Alas, the main problem with such an algorithm is that it’s not very efficient at matching short texts like single sentences or even just a few words. It also depends on the way of detecting word boundaries, which may be troublesome for languages like German, with lots of compound words, or Chinese and Japanese, where no whitespace or other extra punctuation is typically used to separate words. Finally, it has big problems with agglutinative languages like Finnish or Korean, where most words are formed by composing smaller units of meaning. For example the Finnish words “kotona” and “kotoa” mean “at home” and “from home” respectively, which makes counting common words like “at”, “from” or even “home” somewhat futile.
Given these difficulties, how about looking at individual characters or character groups instead?
The N-gram algorithm
The profiling algorithm based on word frequencies can just as easily be applied on individual characters. In fact, this even makes the algorithm simpler since, instead of a potentially infinite number of distinct words, you only need to track a finite number of characters. And, it turns out that character frequencies really do depend on the language, as shown in figure 2.

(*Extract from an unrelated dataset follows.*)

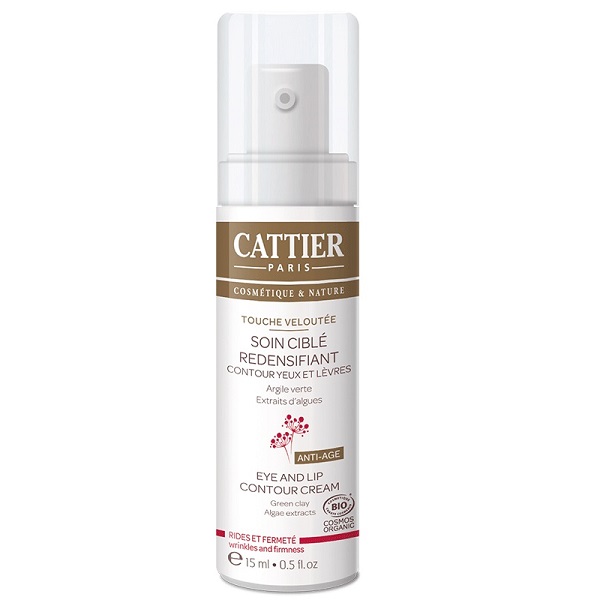 Ultra-complet, le Soin ciblé redensifiant touche veloutée Cattier certifié bio a été spécialement développé pour les zones fragiles du contour des yeux et des lèvres. Avec sa formule lissante et onctueuse, il nourrit intensément et lutte contre les signes de fatigue. Son association d’extraits d’algues rouges et vertes améliore la fermeté de la peau, décongestionne et réactive la microcirculation : les poches sont visiblement réduites, les cernes sont éclaircis et les rides d’expression sont comblées. Ce soin perfecteur de peau à l’argile verte régénérante, lisse le grain de peau dès l’application et floute les signes de l’âge en renvoyant la lumière. Jour après jour, le regard est défroissé et reposé, le contour des yeux et des lèvres est raffermi et lissé : le visage s’illumine d’une nouvelle jeunesse.

And, obviously this algorithm works even better with many Asian languages with characters that are used in only one or just a handful of languages. This algorithm however has the same problem as the word-based one in that it needs quite a bit of text for an accurate match. Interestingly enough, the problem here is the opposite of that with words. Where a short sentence may not contain any of the most common words of a language, it’s practically guaranteed to contain plenty of the common characters. Instead, the problem is that there simply isn’t enough material to differentiate between the languages with similar character frequencies.
This detail hints at an interesting approach that turns out to be quite useful in language detection. Instead of looking at individual words or characters, we could look at character sequences of a given length. Such sequences are called 2-, 3-, 4-grams or, more generally, N-grams based on the sequence length. For example, the 3-grams of a word like “hello” would be “hel”, “ell” and “llo”, plus “_he” and “lo_” when counting word boundaries as separate characters.
It turns out that N-grams are highly effective at isolating the essential features of at least most European languages. They nicely avoid problems with compound words or the oddities of languages like Finnish. And, they still provide statistically significant matches even for relatively short texts. Tika opts to use 3-grams as that seems to offer the best tradeoff of features in most practical cases.
Advanced profiling algorithms
There are other more advanced language profiling algorithms out there, but few match the simplicity and efficiency of the N-gram method described above. Typically such algorithms target specific features like maximum coverage of different kinds of languages, the ability to accurately detect the language of very short texts or the ability to detect multiple languages within a multi-lingual document.
Tika tracks developments in this area and may incorporate some new algorithms in its language detection features in future releases, but for now N-grams are the main profiling algorithm used by Tika.
Even though natural language processing is a fiendishly complex subject that has and probably will be a topic of scientific research for decades, there are certain areas that already useful in practical applications. Language detection is one of the simpler tasks of natural language processing and can, for the most part, be implemented with relatively simple statistical tools. Tika’s N-gram based language detection feature is one such implementation.